Verkhouoye painting is related to the tradition of "spontaneous painting" which was popular in the Volga region in the seventeenth and eighteenth centuries. Fono-voye painting emerged in the mid- nineteenth century and cultivated different, more involved principles and techniques: the artist traced the outline of the design thinly in black. He then coloured in the background, bringing the remaining silvery design to life with light brushwork and hatching. After the utensil had been varnished and fired in a kiln, the golden flowers and leaves came alive against a bright red or deep black background. This was the method of painting the "curly" or kudrina design, consisting of golden tendrils. If painted in series, like the crests of waves, they made an attractive gold border. Craftsmen were very fond of decorating the rims of bowls and canisters in this way. The kudrina motif often appears as a branch with fleshy leaves, reminiscent of the foliage patterns carved on peasant cottages. As one elderly artist, N. Podogov, tells us, craftsmen modified these patterns to suit the curved surfaces of Khokhloma ware, rounding the leaf outlines accordingly (plates 10, 12). Kudrina was liked for the generalization of form and the vibrance of its gold patches. It adorned small basins and spoons, yet was most effective on very large objects such as round stools, bowls and shaft-bows.

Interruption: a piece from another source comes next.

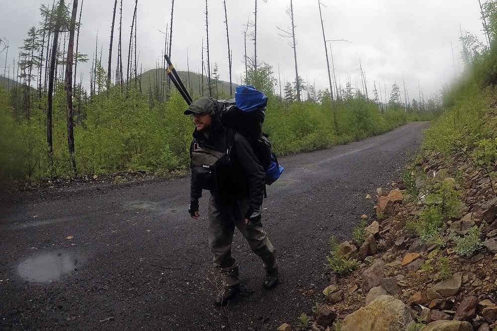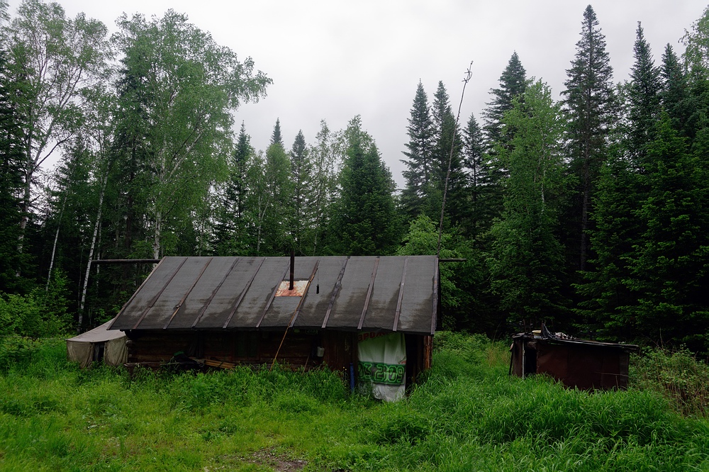 | Als ich auf der anderen Talseite bei der zweiten Marsch-Schicht das nächste Zwischenlager erreiche und eine Plane als Regenschutz aufspanne, höre ich ein Motorengeräusch, drehe mich um – und sehe hinter mir einen Geländewagen, aus dem ein in typisch russischer Art Vollcamouflage tragender Jäger samt Gewehr steigt. Er ist ebenso überrascht wie ich – er trifft das erste Mal hier in seinem Jagdrevier einen Touristen, und ich hatte gedacht, dass die Straße hierher nicht befahrbar wäre. Offensichtlich gibt es eine weitere Möglichkeit, über die Berge dieses Segment der Forststraße zu erreichen. Der Jäger lädt mich in seine nur wenige Kilometer entfernte Jagdhütte ein. Ich nehme das Angebot dankend an, bietet das doch eine perfekte Möglichkeit, mein Zeug zu trocknen. Es könnte auch sehr interessant sein, wie der Waidmann lebt und was er über die Tierwelt hier zu erzählen weiß. Wir holen die zweite Hälfte vom Zwischenlager, und zweigen einen sumpfigen Weg ab, der jetzt im Sommer fast unbefahrbar ist. Am Ende findet sich eine Blockhütte, die aussieht wie aus dem 19. Jahrhundert. Der Russe lebt hauptberuflich von der Jagd, verwendet insgesamt fünf oder sechs solcher Hütten, er erlegt vor allem Hirsche. Die lockt er mit Salz an eine Kirrung, was bei langanhaltendem Regenwetter wie jetzt nur schwer möglich ist, darum ist er mit dem Jagderfolg nicht zufrieden. Nur zwei Kilometer von dieser Hütte entfernt hat er unlängst einen Tiger gesehen. Die letzten ca. 500 bis 600 Sibirischen Tiger haben in den entlegenen Mischwäldern des Sichote-Alin ihre letzte Zuflucht gefunden und erreichen in der Gegend am Koppi ihre nördliche Verbreitungsgrenze. Die Jäger hier sehen Tiger als Beutekonkurrenten. Ob mein Gastgeber auch dieses streng geschützte Raubtier erlegt, frage ich erst gar nicht. Wie mehrfach auf dieser Reise bewährt es sich bei Kontakten zu den Einheimischen sehr, allein unterwegs zu sein. Naturverbundende Menschen begegnen einem so mit großem Respekt, die übrigen halten einen für verrückt, allesamt sind sie sehr hilfsbereit. Mein Gastgeber kennt auch den Koppi Fluss perfekt und kann mir viele Details über die bevorstehende Strecke verraten. |

One can see similar designs on shaft-bows dating from the mid-nineteenth century. They are very much like the illuminations of ancient manuscript books: the branches with curling leaves are finer and are clasped with rings. Such drawings obviously influenced the kudrina motif and may even have determined its technique: instead of thick brush-strokes conveying succulent grasses, the kudrina motif is based on contours, gold patches and meticulous hatching. However, the somewhat laborious fonovoye painting was evidently confined to objects which were either commissioned or intended as gifts and few of these have survived. They often bore signatures or inscriptions such as "This shaft-bow belongs to the peasant, Simeon Ivanov Grishin, village of Retkino, 1855."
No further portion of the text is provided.